All this was recognisably journalism, but at times it felt as though we’d strayed into a conference at some Silicon Valley start-up: visualising data on the web is “a really exciting space”. It was all about “surfacing up” the right stories and “we want to have conversations with the data.”
We knew we were still at the BBC when endless problems with the PowerPoint remote control were solved by the radical solution of speakers requesting “next slide please”, a technique which has always worked well in village halls.
There are two sides to data journalism. One is gathering data from the big wide world and extracting stories from it. The other is applying techniques to an organisation’s news output to get more value from it for audiences.
On the latter, Zillah Watson from BBC Research and Development introduced us to the World Service Radio Archive, a prototype which offers access to more than 50,000 English-language radio programmes.
So far the programmes have only been categorised by computer.

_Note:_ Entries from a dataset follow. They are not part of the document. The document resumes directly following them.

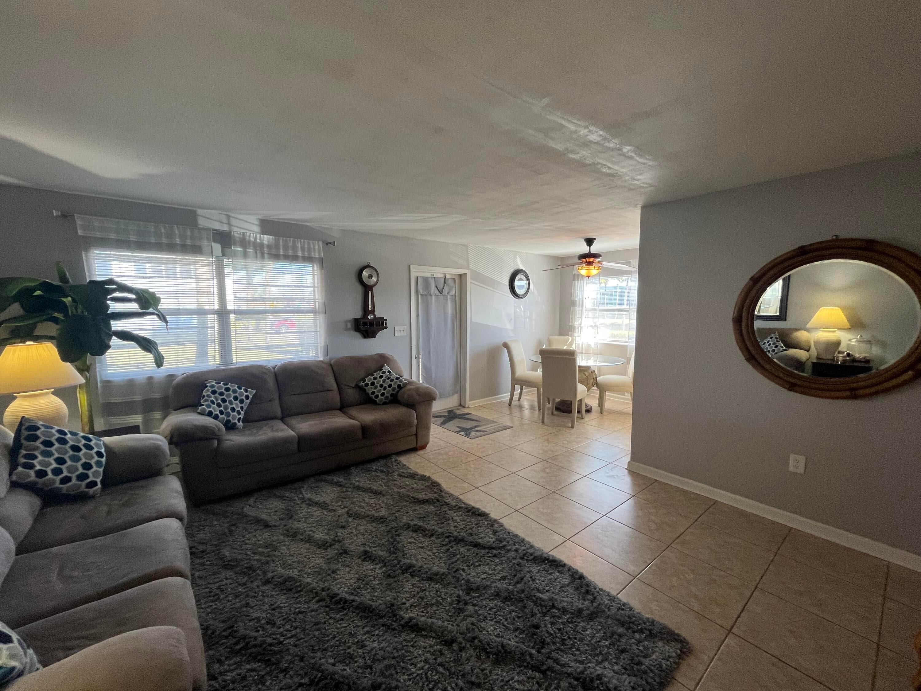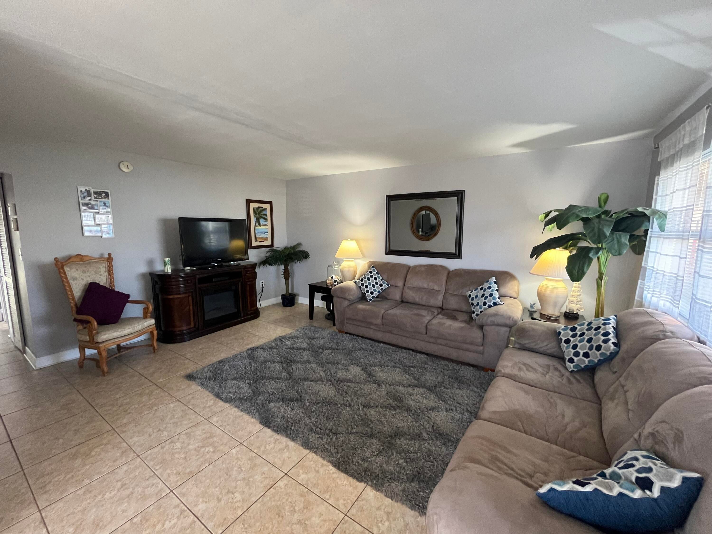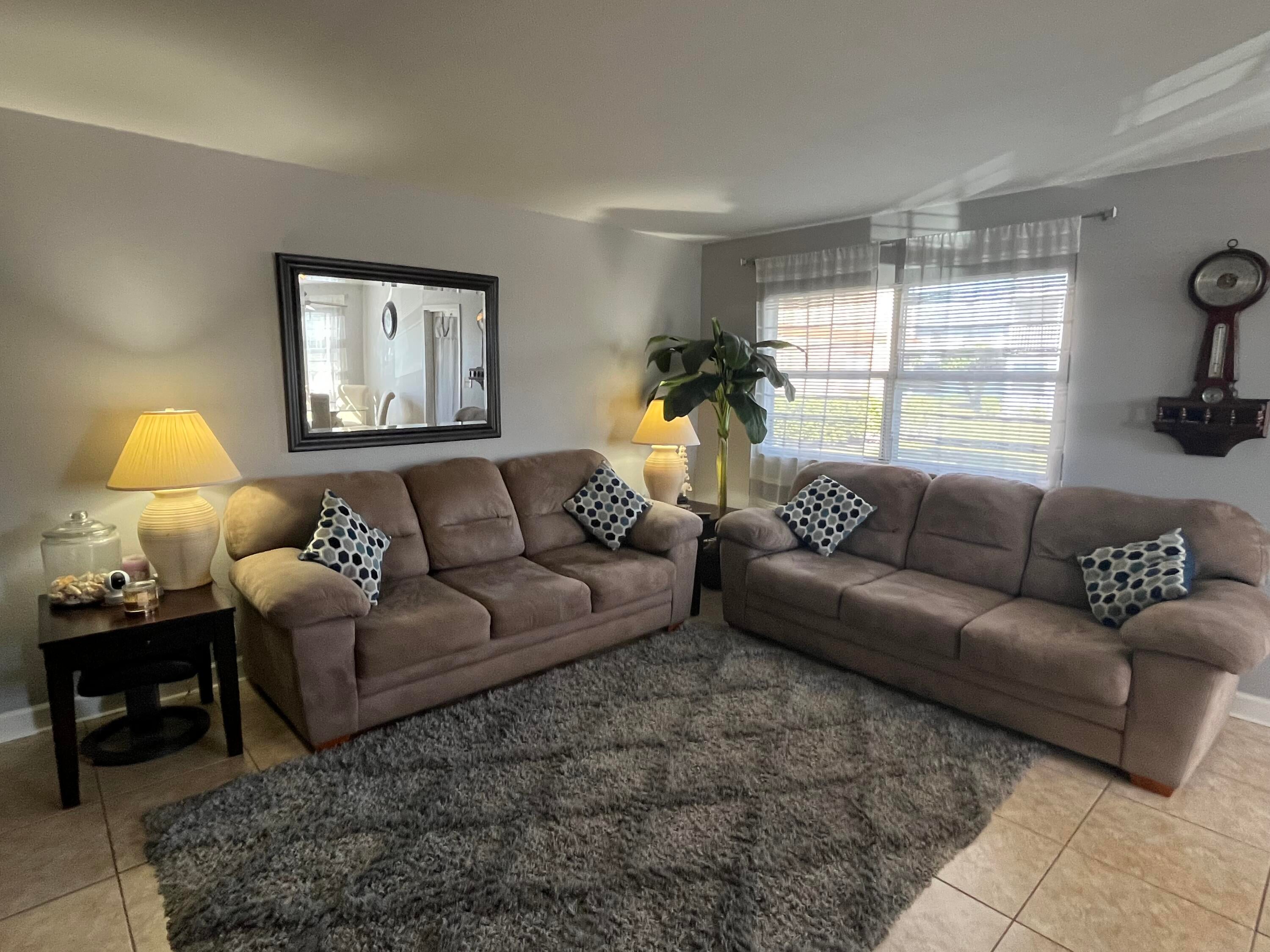 Gorgeous ground floor 2/2 true corner unit in the Brittany section of Kings Point. This lovely condo is available fully furnished with wonderful accoutrements. Beautiful large neutral colored tiling throughout the condo. Kitchen boasts of updated wood cabinetry, stainless steel appliances, formica countertops that look like granite, a stainless sink and a multi colored backsplash which enhances the nice design. Both bathrooms have been updated with tasteful wall tilings in the tub shower and the stall shower of the primary bathroom. Updated vanities/lighting and commodes as well. Full walk-in closet in the primary bedroom. Updated electrical panel too. Additional broom closet for storage. Outside screen patio has utility closet with full side by side washer/dryer. A must see for all!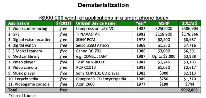这张来自Diamandis的作品《富足》(Abundance)的图表显示了我们是如何在1969年到1989年间让价值90万美元的产品和服务快速“贬值”的。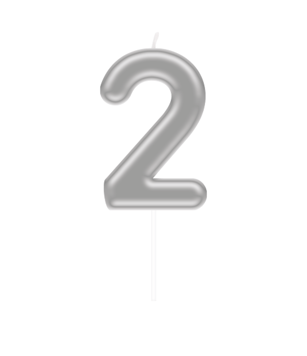 Celebra cada hito con estilo con esta vela número plateado "2". Perfecta para marcar edades, números de aniversario u otras ocasiones especiales. El color plateado brillante hace que la vela destaque en cualquier tarta o cupcake.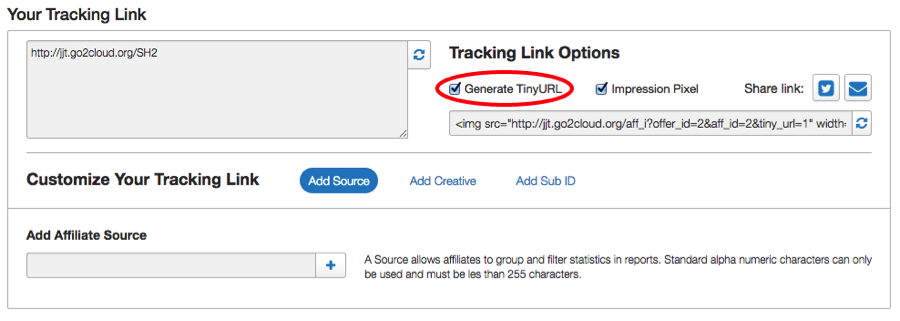 Tracking links can get a bit long and ugly by nature. There are multiple parameters on the end, and they can easily break when copied & pasted multiple times. To solve this and shorten your URL, you can use TinyURLs to place in your YouTube videos. Simply check the box for “Generate TinyURL” when you create your tracking link.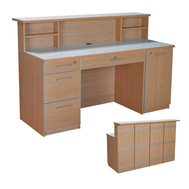 Prefabricated wooden counter table, straight type, with 1 center drawer and 3 drawers on both sides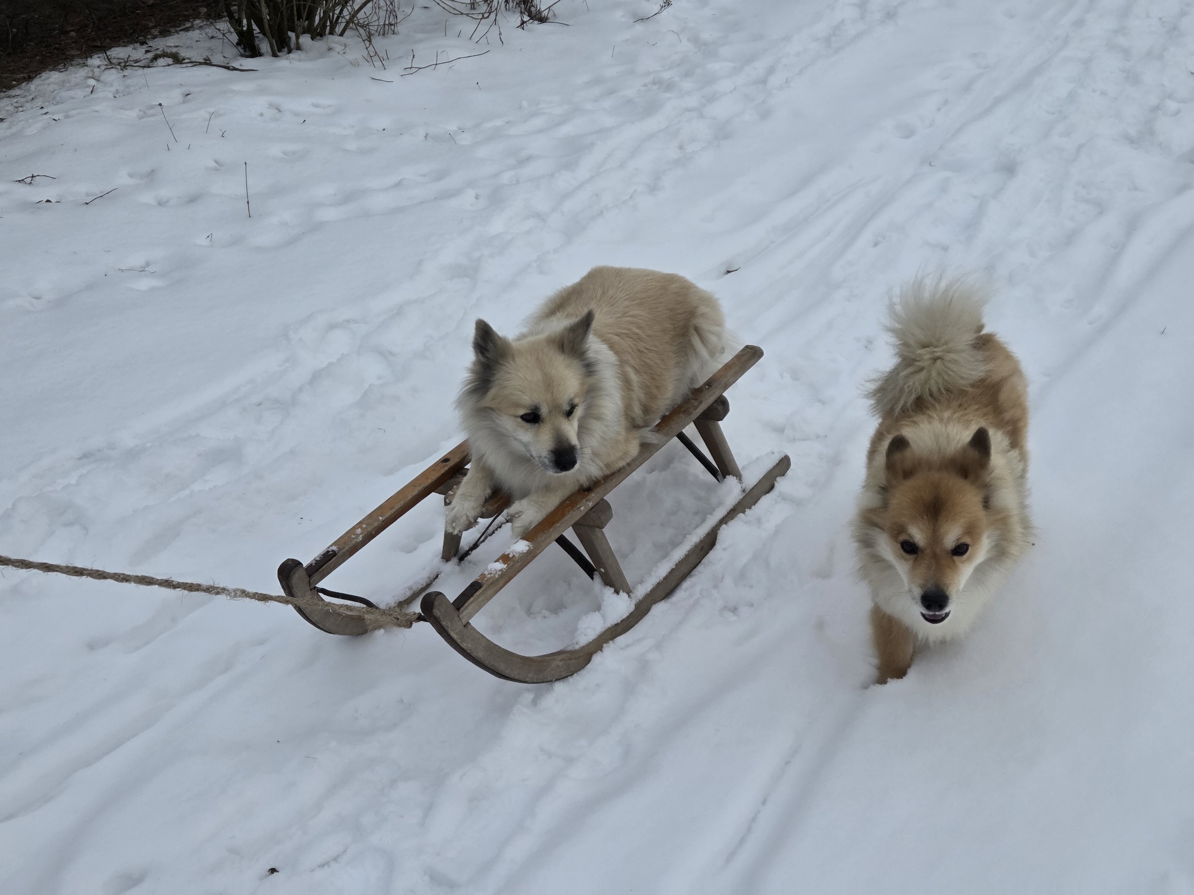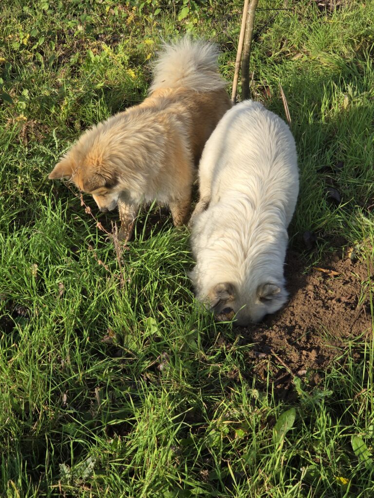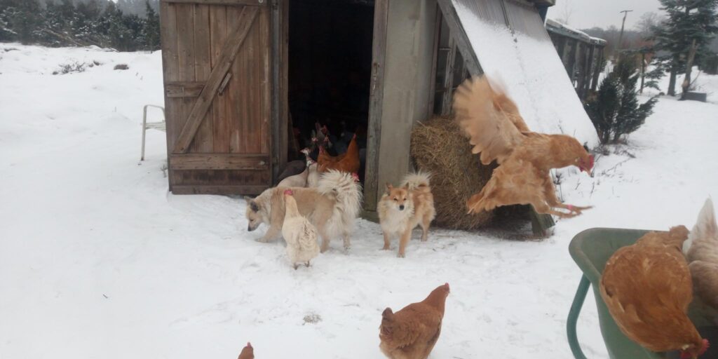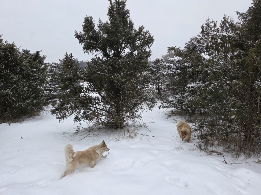 Umpflanzen ist auch vorbei…..so g Winter hatten wir schon viele Jahre nicht mehr! Die Enkelkinder erleben, wie Winter „früher“ war…. Den Islandhunden gefällt’s super:

But visitors to the site are invited to make them more useful by listening and tagging them. It seems to be an amazing collection: I searched for Microsoft (one of my favourite subjects) and there are about 250 programmes which refer to it. With listeners’ input over time, I would be able to narrow down my search by specifying more detail and producing a more manageable list.
Of course, just because data can be analysed, that doesn’t mean it’s worth doing. I was sceptical about another site Watson showed us, Dramaonlinelibrary.com, where you can search for a suitable play to perform, if you have, say, six children and two adults, one of whom is a man over 50 and the other a woman below 30, neither of whom wants to say more than 1,000 words in Act 2. But, hey, if someone wants that kind of thing good luck to them.
Robin Pembroke, head of product for BBC News, took us back to Silicon Valley with news of a forthcoming BBC News Labs Hackday - presumably an all-nighter with non-stop pizzas and Mark Zuckerberg in attendance.
But Bill Thompson, the tech writer who was chairing the day, brought us down to earth by reminding us that “we’re all used to working with rich and complex data sources already: they’re called interviews and press conferences.”
There’ll be blogs by some of the speakers at BBC Data Day here next week.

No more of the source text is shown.